V's and Quincunxes: Pynchon, Browne, Galton, etc.
David Simpson
dsimpson at condor.depaul.edu
Mon Nov 20 16:58:23 CST 2000
Not sure if this is the proper place to insert some different stuff into the V. discussion,
but am seizing the opportunity anyway (using the "scholarly quest" and "adventure of the mind"
passage as my textual point of departure.)
For whatever they may be worth, here are a few teasing parallels and cross-connections between
Stencil's search for V., the scientific and metaphysical musings served up in Sir Thomas
Browne's "The Garden of Cyrus," statistical speculations about randomness and pattern on the
part of the British eugenicist Francis Galton, and traditional Gnostic interpretations of
cosmic order and design.
Browne was a 17th-century physician, natural philosopher, folklorist, antiquarian, amateur
theologian, and universal polymath. His "Gardens of Cyrus" is a fantastic (in nearly every
sense of the word) study of the occurrence of "quincuncial" designs in nature, art, and
mystical lore. A quincunx (from the Latin word for "five twelfths") is an arrangement of five
points to form a double V or X, much like the 5-spot on a playing card or gaming die, thus:
* *
*
* *
The legendary gardens of Cyrus the Great (Persian emperor 559-529 BC) were supposedly laid out
according to this pattern, and the result, as can be imagined, was a vast network of
quincunxes: an elaborate grid or reticule of interconnecting X's and V's. In his researches
Browne finds this V-form pattern literally everywhere: in a myriad of plants, seeds, and
vegetables; in the bone structures of animals and the veins of minerals; in art and
architecture; in physical phenomena; in folklore and alchemy; in ancient literature and myth;
in sacred history and the Bible; in Egyptian hieroglyphs and Cabalistical arcana; indeed, in
everything from honeycombs and sea-hedgehog eggs to Roman battle formations and the physical
laws of optical and sonic reflection.
The sheer volume of instances and examples Browne furnishes is mind-boggling.

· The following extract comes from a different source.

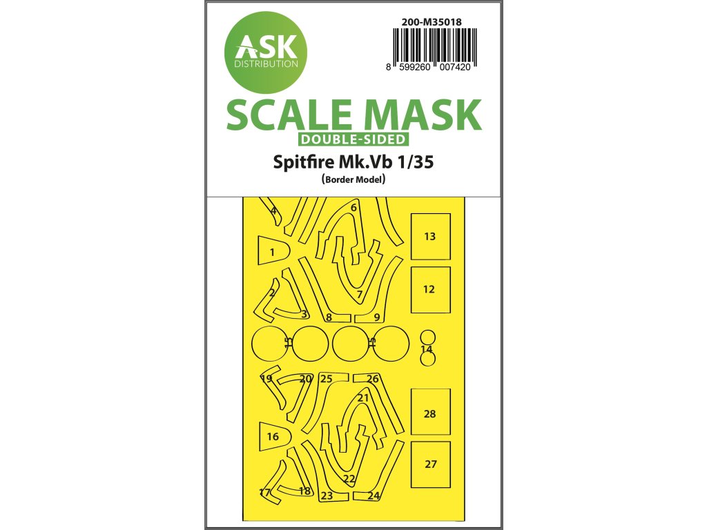 1/35 Spitfire Mk.Vb, oboustranná fit express maska pro stavebnici Border Model. Katalogové číslo 200-M35018

So much so that
as we read his essay, we hardly know (as is also the case with Stencil) whether he is onto
something crucial and pervasive or is simply the dupe of his own overactive ingenuity. (By the
end of the essay, Browne's search for quincunxes begins to look -- to modern readers at least
-- like "an adventure of the mind" indeed, and possibly the product of some form of godly
paranoia or full-blown monomania.)
A devout Christian, Browne offers his findings as evidence of a mathematically meticulous
Designing God. To him, the omnipresence of the quincunx is simply one more assurance that the
Creation is the work of a minutely diligent Maker. In this respect, "The Garden of Cyrus" is a
typical, if extreme, contribution to the literature of Natural Theology and to the tradition
of cosmic piety (the belief that universal order is the hallmark of a benevolent Creator). Of
course, as P-listers are fully aware, such a belief is the exact opposite of the Gnostic (and
more Stencilian, and Pynchonian) view. To the Gnostic eye, such revelations of order and
system are more terrifying than edifying for they betoken the presence not of a divine
Savior-Creator but of the sinister Archons, the ruler-creators of the cosmic Jail.

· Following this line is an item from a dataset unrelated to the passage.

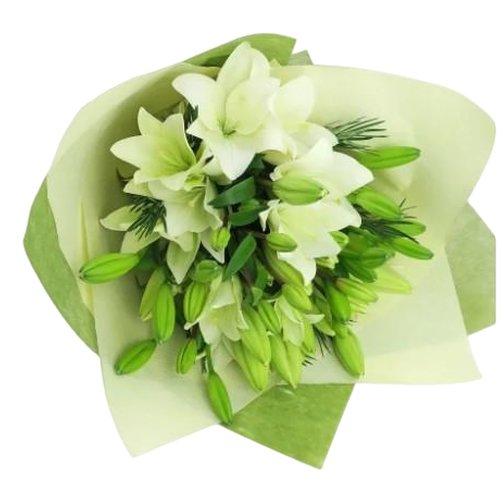 -10%Bouquet of 10 stem Asiatic White Lilly with Nice wrapping.

One added note: by an intriguing coincidence, "quincunx" also happens to be the name that the
British eugenics pioneer Francis Galton (1822-1911) gave to his device for depicting the
"patterns" that emerge within random phenomena. Using a kind of vertical pin-ball machine
(designed so that each dropped ball might deflect right or left with equal probability),
Galton's contraption provided a graphic demonstation -- in the form of a Bell curve -- of the
deeper-level lawfulness of haphazard events. Shades of Mondaugen's sferics.
It's not clear whether G's adoption of the name "quincunx" owes anything at all to Browne. In
any case, what is probably of greater interest to Pynchon readers is Galton's self-admiring
autobiography, "Memories of my Life" (1908). With its earnest recapitulation of the author's
eugenic theories and "scientific" views on race and culture, and especially with its middle
chapters set in South West Africa (where Galton toured as a sort of ethologist-adventurer),
this work qualifies as one of the all-time documents in the history of British racism and
imperialism -- as well as a potential source for V.
A pleasant holiday to all.
--
"Welcome to 'All About the Media,' where members of the media discuss the role of the media in
media coverage of the media." -- New Yorker cartoon, 9/25/00.